> GIVEN INFORMATION:
--
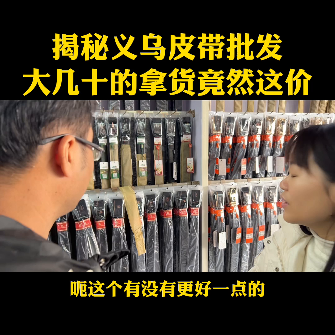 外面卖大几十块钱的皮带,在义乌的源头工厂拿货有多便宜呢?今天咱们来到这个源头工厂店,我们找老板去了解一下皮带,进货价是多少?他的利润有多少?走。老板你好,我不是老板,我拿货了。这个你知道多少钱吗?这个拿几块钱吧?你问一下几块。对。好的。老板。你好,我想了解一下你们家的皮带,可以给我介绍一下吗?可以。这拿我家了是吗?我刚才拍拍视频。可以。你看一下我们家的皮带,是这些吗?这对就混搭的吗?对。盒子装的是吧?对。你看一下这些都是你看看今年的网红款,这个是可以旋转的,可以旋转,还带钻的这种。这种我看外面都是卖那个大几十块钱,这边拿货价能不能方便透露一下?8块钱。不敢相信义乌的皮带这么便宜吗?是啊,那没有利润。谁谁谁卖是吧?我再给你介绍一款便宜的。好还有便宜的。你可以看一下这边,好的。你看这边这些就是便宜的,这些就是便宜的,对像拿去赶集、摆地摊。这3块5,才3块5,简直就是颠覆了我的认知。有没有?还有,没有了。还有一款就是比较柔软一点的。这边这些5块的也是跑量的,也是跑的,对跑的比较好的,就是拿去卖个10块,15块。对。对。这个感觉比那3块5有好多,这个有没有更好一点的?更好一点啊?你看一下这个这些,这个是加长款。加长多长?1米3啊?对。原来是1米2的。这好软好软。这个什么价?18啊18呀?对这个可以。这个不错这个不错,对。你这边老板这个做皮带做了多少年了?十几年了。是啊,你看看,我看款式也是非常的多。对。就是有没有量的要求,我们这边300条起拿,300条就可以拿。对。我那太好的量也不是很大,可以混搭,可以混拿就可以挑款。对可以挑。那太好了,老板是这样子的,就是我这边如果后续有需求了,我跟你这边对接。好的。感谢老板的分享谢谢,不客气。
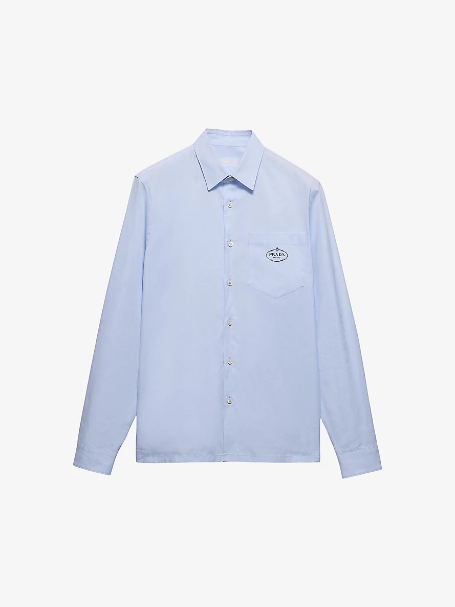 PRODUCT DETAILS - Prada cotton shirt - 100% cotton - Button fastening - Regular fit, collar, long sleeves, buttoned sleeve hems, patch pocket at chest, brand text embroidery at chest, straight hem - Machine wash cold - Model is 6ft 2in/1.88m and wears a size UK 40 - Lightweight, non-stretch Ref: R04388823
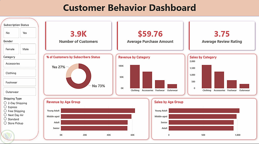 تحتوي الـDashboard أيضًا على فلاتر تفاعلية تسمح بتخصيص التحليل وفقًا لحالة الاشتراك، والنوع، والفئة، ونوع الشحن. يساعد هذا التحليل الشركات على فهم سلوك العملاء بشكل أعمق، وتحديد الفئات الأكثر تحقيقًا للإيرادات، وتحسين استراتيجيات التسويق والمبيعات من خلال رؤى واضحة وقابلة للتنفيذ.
--
> EXERCISE GOAL: Copy the listing above verbatim, leaving out pictures.

> RESULT BELOW:
 外面卖大几十块钱的皮带,在义乌的源头工厂拿货有多便宜呢?今天咱们来到这个源头工厂店,我们找老板去了解一下皮带,进货价是多少?他的利润有多少?走。老板你好,我不是老板,我拿货了。这个你知道多少钱吗?这个拿几块钱吧?你问一下几块。对。好的。老板。你好,我想了解一下你们家的皮带,可以给我介绍一下吗?可以。这拿我家了是吗?我刚才拍拍视频。可以。你看一下我们家的皮带,是这些吗?这对就混搭的吗?对。盒子装的是吧?对。你看一下这些都是你看看今年的网红款,这个是可以旋转的,可以旋转,还带钻的这种。这种我看外面都是卖那个大几十块钱,这边拿货价能不能方便透露一下?8块钱。不敢相信义乌的皮带这么便宜吗?是啊,那没有利润。谁谁谁卖是吧?我再给你介绍一款便宜的。好还有便宜的。你可以看一下这边,好的。你看这边这些就是便宜的,这些就是便宜的,对像拿去赶集、摆地摊。这3块5,才3块5,简直就是颠覆了我的认知。有没有?还有,没有了。还有一款就是比较柔软一点的。这边这些5块的也是跑量的,也是跑的,对跑的比较好的,就是拿去卖个10块,15块。对。对。这个感觉比那3块5有好多,这个有没有更好一点的?更好一点啊?你看一下这个这些,这个是加长款。加长多长?1米3啊?对。原来是1米2的。这好软好软。这个什么价?18啊18呀?对这个可以。这个不错这个不错,对。你这边老板这个做皮带做了多少年了?十几年了。是啊,你看看,我看款式也是非常的多。对。就是有没有量的要求,我们这边300条起拿,300条就可以拿。对。我那太好的量也不是很大,可以混搭,可以混拿就可以挑款。对可以挑。那太好了,老板是这样子的,就是我这边如果后续有需求了,我跟你这边对接。好的。感谢老板的分享谢谢,不客气。
 PRODUCT DETAILS - Prada cotton shirt - 100% cotton - Button fastening - Regular fit, collar, long sleeves, buttoned sleeve hems, patch pocket at chest, brand text embroidery at chest, straight hem - Machine wash cold - Model is 6ft 2in/1.88m and wears a size UK 40 - Lightweight, non-stretch Ref: R04388823
 تحتوي الـDashboard أيضًا على فلاتر تفاعلية تسمح بتخصيص التحليل وفقًا لحالة الاشتراك، والنوع، والفئة، ونوع الشحن. يساعد هذا التحليل الشركات على فهم سلوك العملاء بشكل أعمق، وتحديد الفئات الأكثر تحقيقًا للإيرادات، وتحسين استراتيجيات التسويق والمبيعات من خلال رؤى واضحة وقابلة للتنفيذ.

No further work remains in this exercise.